**WHAT THIS TASK INVOLVES:** Would you print every entry below exactly as written, omitting the images?

**RECORDS FOR THE EXERCISE:**
:::::
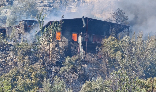 Kargıcak Mahallesi'deki tarım alanında henüz belirlenemeyen nedenle yangın çıktı. Yayılan alevler, mahalledeki 3 eve sıçradı.
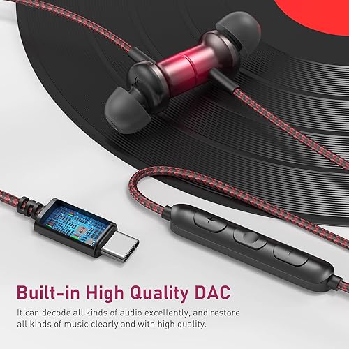 Magnetic USB C Earbuds: Powerful magnet is built-in the back of each earbud. You can wear the usbc headphones around your neck by sticking the earbuds together, so they won't move around too much or fall off, and you can reach them easily once you want to put them on. Meanwhile, it comes with a storage case to storage the type c earbuds, less mess in daily use
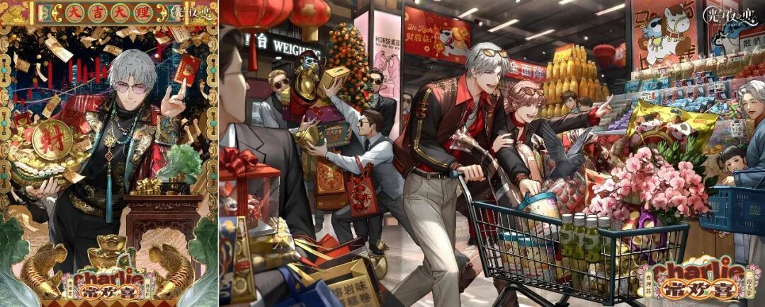 人设上有点「钻石王老五」意味、钱多花不完的查理苏,与“你”在超市采购年货,购物车已经满到不行,两人却指着前方笑开了花,看来还要继续买买买。一旁的婆婆和孙女投来了好奇的目光;远处的情侣/夫妻循着笑声也看了过来;查理苏的管家们则在后方努力维护着年货们的“安全”。
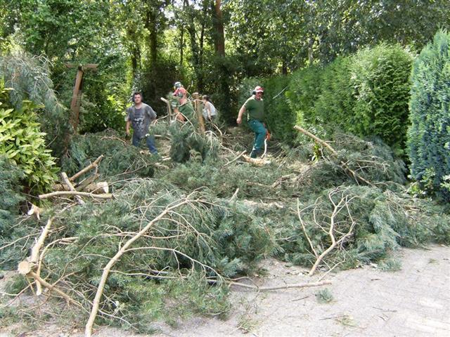 Met de overbuurman – die geen Madraskoelie maar een heel vriendelijke Turk blijkt te zijn – hadden we gisteravond die eikentak al een stukje verplaatst zodat hij zijn auto kon parkeren en onze heg weer vrij kwam. Omdat ‘ze’ de troep op ‘jouw’ terrein niet hoeven op te ruimen had Tineke vanmorgen vroeg al verzonnen dat we de boomtop zelf zouden ‘ontmantelen’ en op de straat zouden opstapelen.
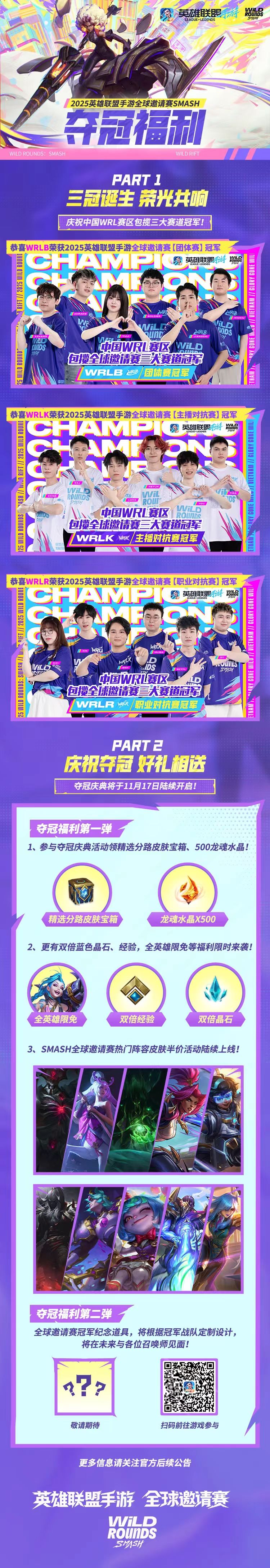 荣光共响!《英雄联盟手游》全球邀请赛SMASH已圆满落幕!中国WRL赛区包揽全球邀请赛所有赛道冠军!召唤师们快来一起共享冠军荣誉吧~
:::::
**ANSWER AREA:**
 Kargıcak Mahallesi'deki tarım alanında henüz belirlenemeyen nedenle yangın çıktı. Yayılan alevler, mahalledeki 3 eve sıçradı.
 Magnetic USB C Earbuds: Powerful magnet is built-in the back of each earbud. You can wear the usbc headphones around your neck by sticking the earbuds together, so they won't move around too much or fall off, and you can reach them easily once you want to put them on. Meanwhile, it comes with a storage case to storage the type c earbuds, less mess in daily use
 人设上有点「钻石王老五」意味、钱多花不完的查理苏,与“你”在超市采购年货,购物车已经满到不行,两人却指着前方笑开了花,看来还要继续买买买。一旁的婆婆和孙女投来了好奇的目光;远处的情侣/夫妻循着笑声也看了过来;查理苏的管家们则在后方努力维护着年货们的“安全”。
 Met de overbuurman – die geen Madraskoelie maar een heel vriendelijke Turk blijkt te zijn – hadden we gisteravond die eikentak al een stukje verplaatst zodat hij zijn auto kon parkeren en onze heg weer vrij kwam. Omdat ‘ze’ de troep op ‘jouw’ terrein niet hoeven op te ruimen had Tineke vanmorgen vroeg al verzonnen dat we de boomtop zelf zouden ‘ontmantelen’ en op de straat zouden opstapelen.
 荣光共响!《英雄联盟手游》全球邀请赛SMASH已圆满落幕!中国WRL赛区包揽全球邀请赛所有赛道冠军!召唤师们快来一起共享冠军荣誉吧~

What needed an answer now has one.